--- START ---
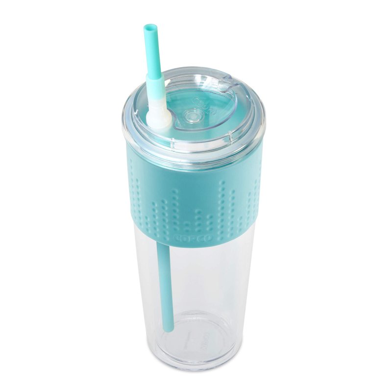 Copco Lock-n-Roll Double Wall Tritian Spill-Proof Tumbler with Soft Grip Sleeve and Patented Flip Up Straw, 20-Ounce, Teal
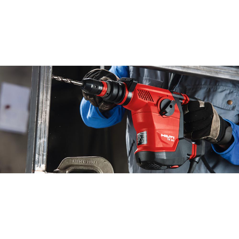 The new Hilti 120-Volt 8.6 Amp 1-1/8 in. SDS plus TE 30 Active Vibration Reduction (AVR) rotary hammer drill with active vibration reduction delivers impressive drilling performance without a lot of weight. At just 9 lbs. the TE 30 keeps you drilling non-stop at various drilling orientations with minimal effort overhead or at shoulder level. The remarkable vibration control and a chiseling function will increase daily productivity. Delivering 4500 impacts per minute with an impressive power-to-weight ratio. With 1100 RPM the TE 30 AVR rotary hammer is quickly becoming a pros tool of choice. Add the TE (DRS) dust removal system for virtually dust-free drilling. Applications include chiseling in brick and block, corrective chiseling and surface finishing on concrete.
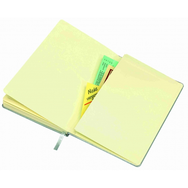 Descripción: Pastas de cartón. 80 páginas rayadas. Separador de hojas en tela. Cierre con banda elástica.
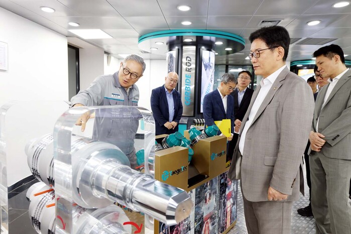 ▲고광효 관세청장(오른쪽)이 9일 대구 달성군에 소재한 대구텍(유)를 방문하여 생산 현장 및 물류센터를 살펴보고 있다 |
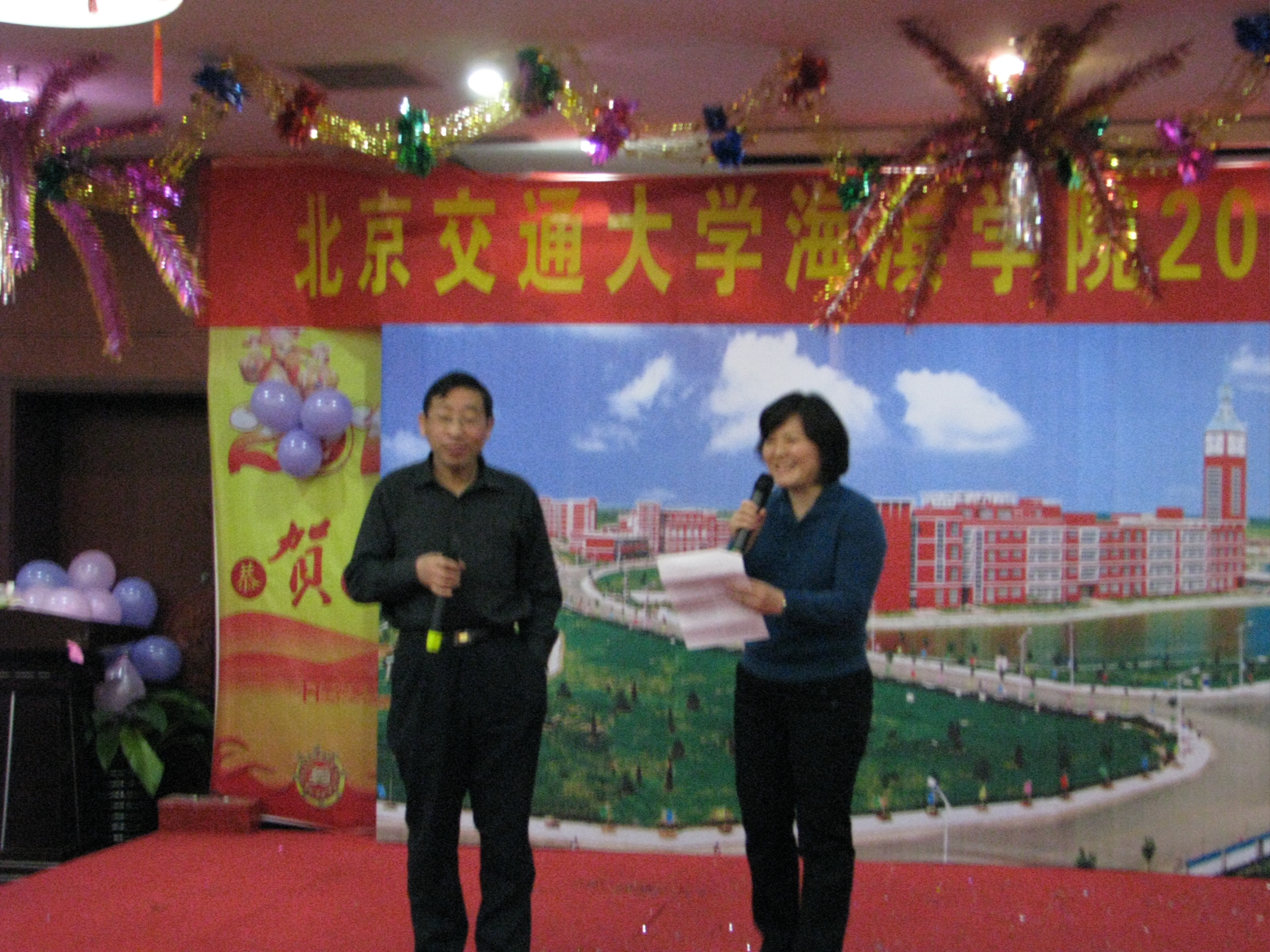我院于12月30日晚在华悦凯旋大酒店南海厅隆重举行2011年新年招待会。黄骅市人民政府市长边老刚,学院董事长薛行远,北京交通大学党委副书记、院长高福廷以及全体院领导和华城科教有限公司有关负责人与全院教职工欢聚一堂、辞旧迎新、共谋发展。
--- END ---
**Task to complete**:
Please repeat the entries exactly. Do not include the pictures.

**Answer for the task**:
 Copco Lock-n-Roll Double Wall Tritian Spill-Proof Tumbler with Soft Grip Sleeve and Patented Flip Up Straw, 20-Ounce, Teal
 The new Hilti 120-Volt 8.6 Amp 1-1/8 in. SDS plus TE 30 Active Vibration Reduction (AVR) rotary hammer drill with active vibration reduction delivers impressive drilling performance without a lot of weight. At just 9 lbs. the TE 30 keeps you drilling non-stop at various drilling orientations with minimal effort overhead or at shoulder level. The remarkable vibration control and a chiseling function will increase daily productivity. Delivering 4500 impacts per minute with an impressive power-to-weight ratio. With 1100 RPM the TE 30 AVR rotary hammer is quickly becoming a pros tool of choice. Add the TE (DRS) dust removal system for virtually dust-free drilling. Applications include chiseling in brick and block, corrective chiseling and surface finishing on concrete.
 Descripción: Pastas de cartón. 80 páginas rayadas. Separador de hojas en tela. Cierre con banda elástica.
 ▲고광효 관세청장(오른쪽)이 9일 대구 달성군에 소재한 대구텍(유)를 방문하여 생산 현장 및 물류센터를 살펴보고 있다 |
我院于12月30日晚在华悦凯旋大酒店南海厅隆重举行2011年新年招待会。黄骅市人民政府市长边老刚,学院董事长薛行远,北京交通大学党委副书记、院长高福廷以及全体院领导和华城科教有限公司有关负责人与全院教职工欢聚一堂、辞旧迎新、共谋发展。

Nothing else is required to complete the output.